▶ PROBLEM STATEMENT:
Locate the line containing "河北省唐山市丰润区2023-2024学年" in the entries below, then retype it and every later line exactly, leaving out pictures.

▶ TASK DATA:
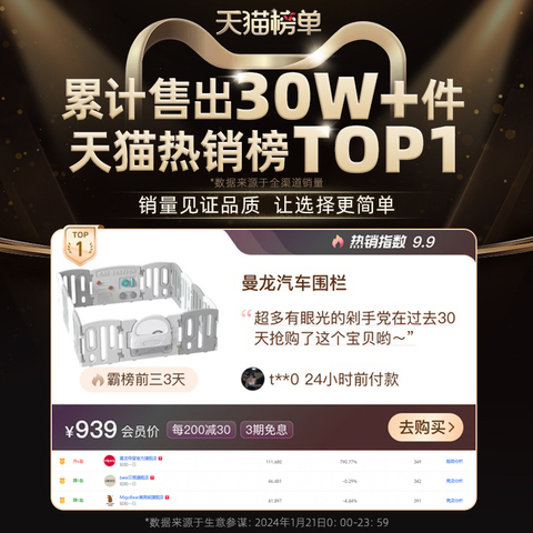 mloong曼龙汽车游戏围栏爬爬垫 【售价】:¥709.00 【券后】:¥509.00 【优惠券】:¥200 推荐理由:【曼龙官方旗舰店】】宝宝益智成长空间,38mm加厚面板,环保HDPE材质!五重稳固升级,宝宝推不倒,顺丰送货上门,妈妈更放心!【赠大件运费险】 👉复制这条信息19¥ CZ057 IeiLfGcUQAA¥ 打开【手机淘宝APP】即可领券购买:/
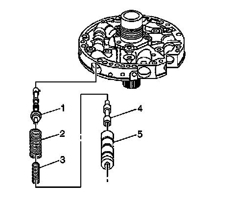 6. Remove the pressure regulator isolator spring (3) and the pressure regulator valve spring (2).
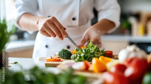 Hands of a woman chef preparing fresh vegetables in a minimal kitchen
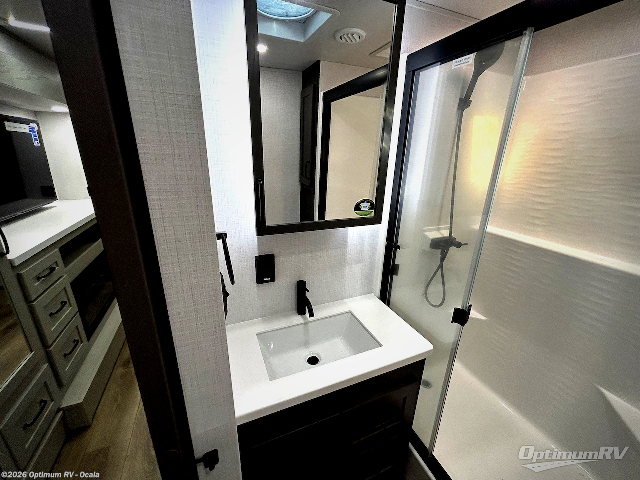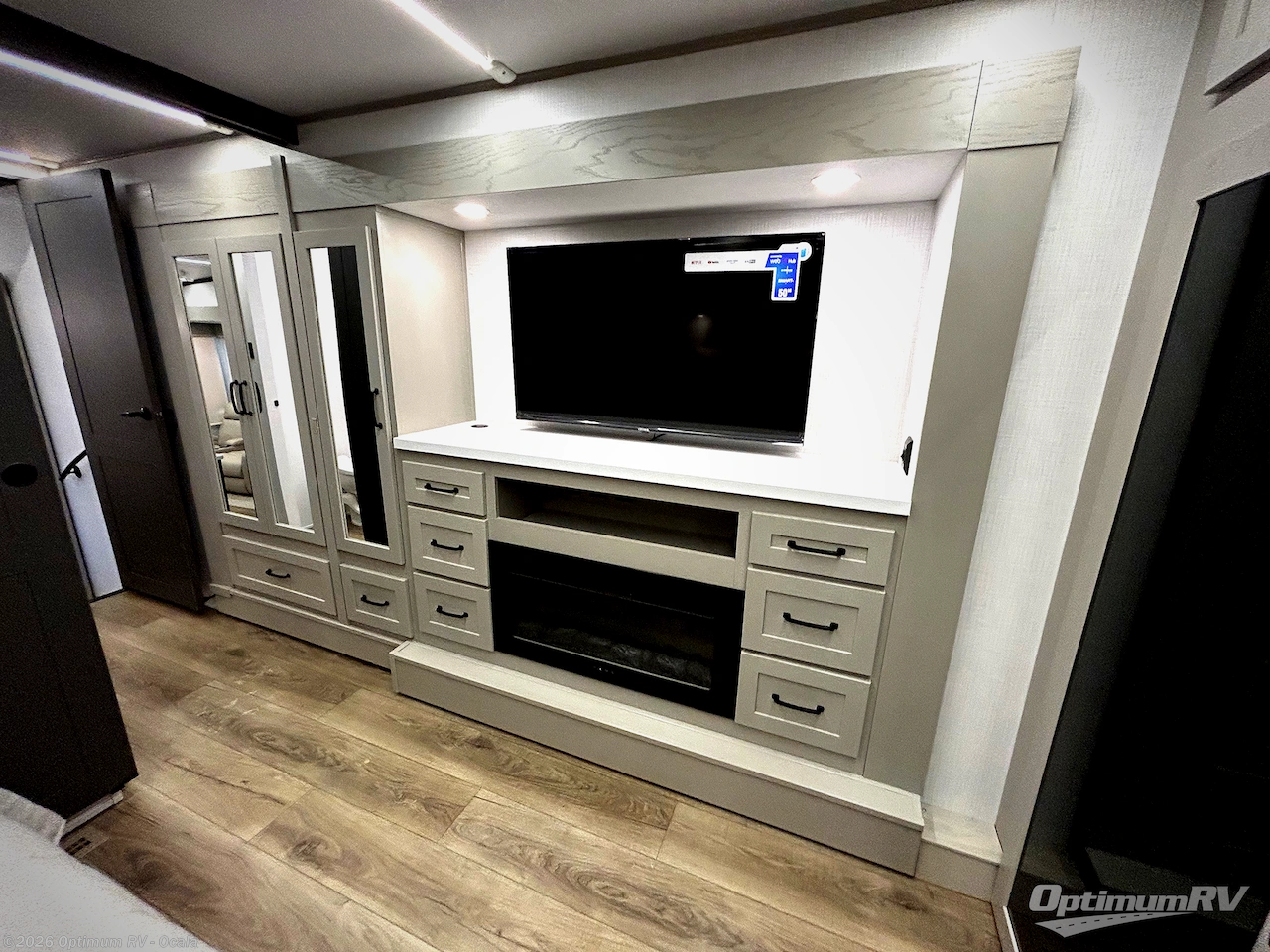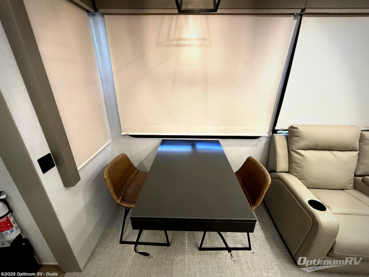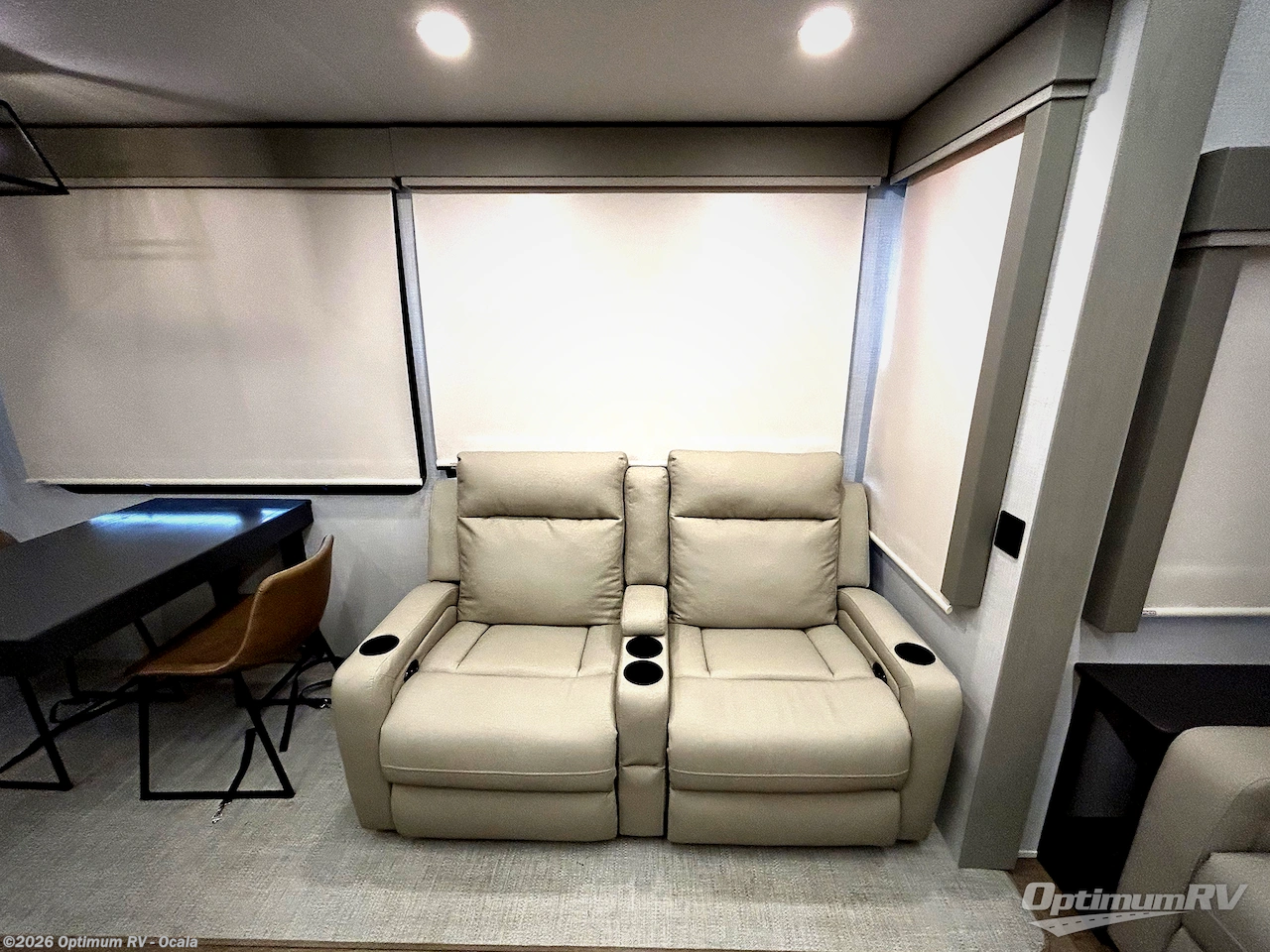 It won't be hard to fall in love with this fifth wheel that can sleep four each night! There are dual opposing slides in the bedroom and in the combined kitchen and living area for maximum space to relax! You will love evenings spent in the rear living area on the theater seat across from the 50" Smart TV, and there is a sofa sleeper to let guests stay over. A four burner gas cooktop and residential style stainless steel microwave will let you cook meals each day, and the table with chairs will be the perfect place to dine together. Head to the full bath that includes a shower with a seat to easily clean up, then head off to bed in the front private bedroom. Here, you'll find a king bed slide out, a bedroom Smart TV, plus a spacious wardrobe with a shelf. There is even washer and dryer prep if you want the option to make full-time RVing easier!
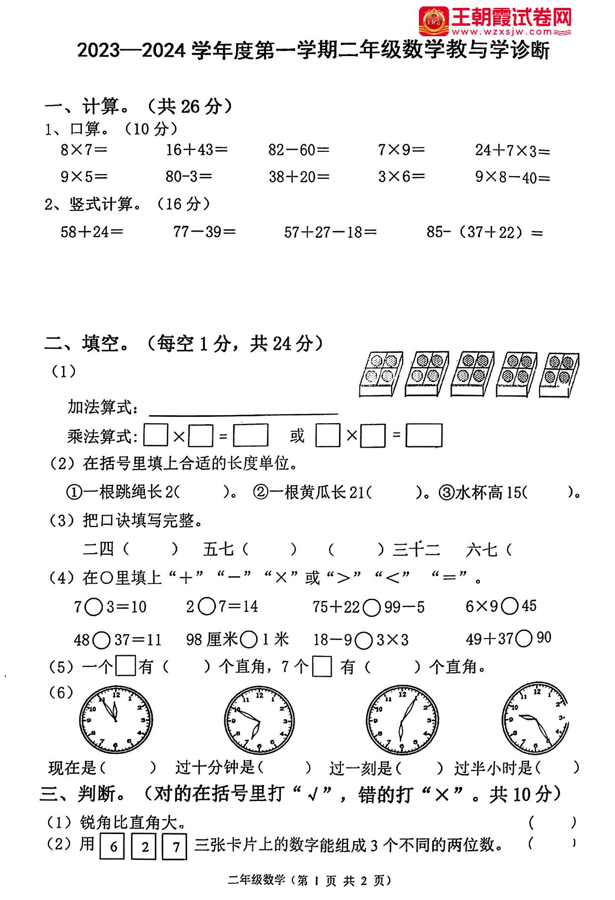 河北省唐山市丰润区2023-2024学年度第一学期期末教与学诊断试卷二年级数学(人教版)
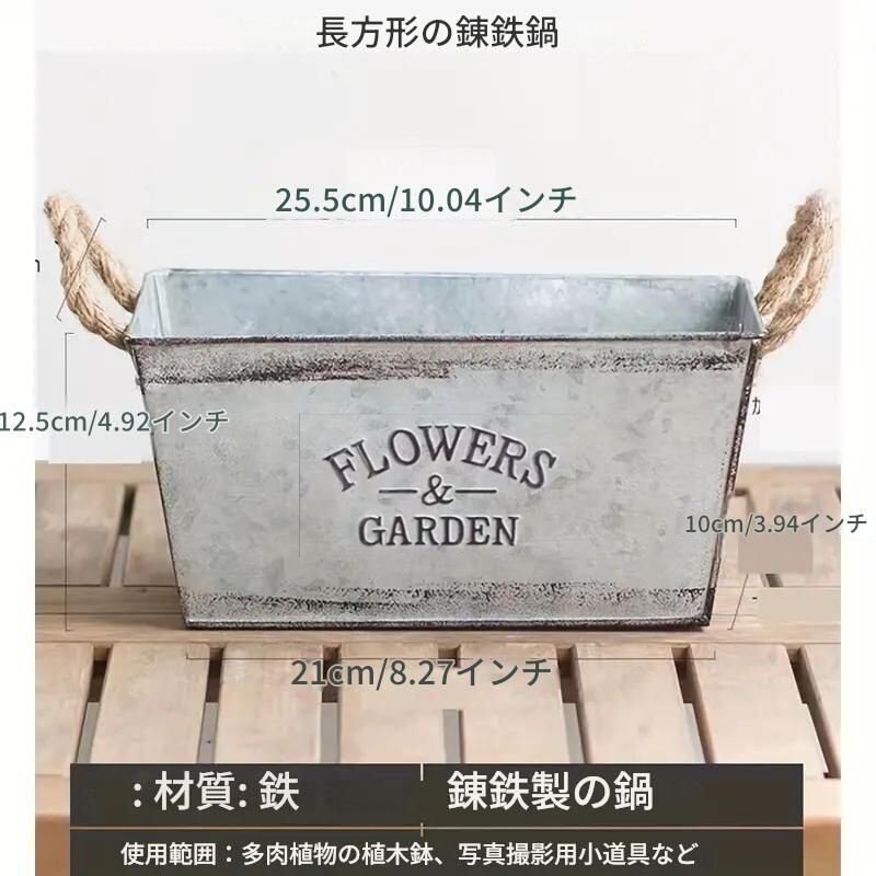 このプランターは、家庭の庭や窓際、玄関など、さまざまな場所で活躍する多機能なアイテムです。美しい鉄素材にアンティーク仕上げを施し、独特な錆加工が施されたこの商品は、単なる植木鉢としてだけでなく、小物入れとしても使える優れたデザインが魅力です。お花や観葉植物をお洒落に飾りながら、インテリアの一部としてもご利用いただけます。また、子供のおもちゃ箱や雑貨入れとしても重宝し、シンプルで飽きの来ないデザインが、どんなスタイルの室内にもマッチします。
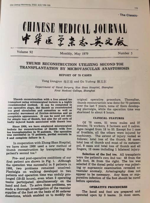 这台手术的主刀是华山病院手外科的首创东说念主杨东岳西宾,助手是其后的中国工程院院士顾玉东西宾。整个这个词手术中,其后的中国工程院院士、中山病院汤钊猷西宾也参与血管游离、吻合,历时近23小时,世界首例游离足趾移植再造拇指手术取得顺利。

▶ EXPECTED ANSWER:
 河北省唐山市丰润区2023-2024学年度第一学期期末教与学诊断试卷二年级数学(人教版)
 このプランターは、家庭の庭や窓際、玄関など、さまざまな場所で活躍する多機能なアイテムです。美しい鉄素材にアンティーク仕上げを施し、独特な錆加工が施されたこの商品は、単なる植木鉢としてだけでなく、小物入れとしても使える優れたデザインが魅力です。お花や観葉植物をお洒落に飾りながら、インテリアの一部としてもご利用いただけます。また、子供のおもちゃ箱や雑貨入れとしても重宝し、シンプルで飽きの来ないデザインが、どんなスタイルの室内にもマッチします。
 这台手术的主刀是华山病院手外科的首创东说念主杨东岳西宾,助手是其后的中国工程院院士顾玉东西宾。整个这个词手术中,其后的中国工程院院士、中山病院汤钊猷西宾也参与血管游离、吻合,历时近23小时,世界首例游离足趾移植再造拇指手术取得顺利。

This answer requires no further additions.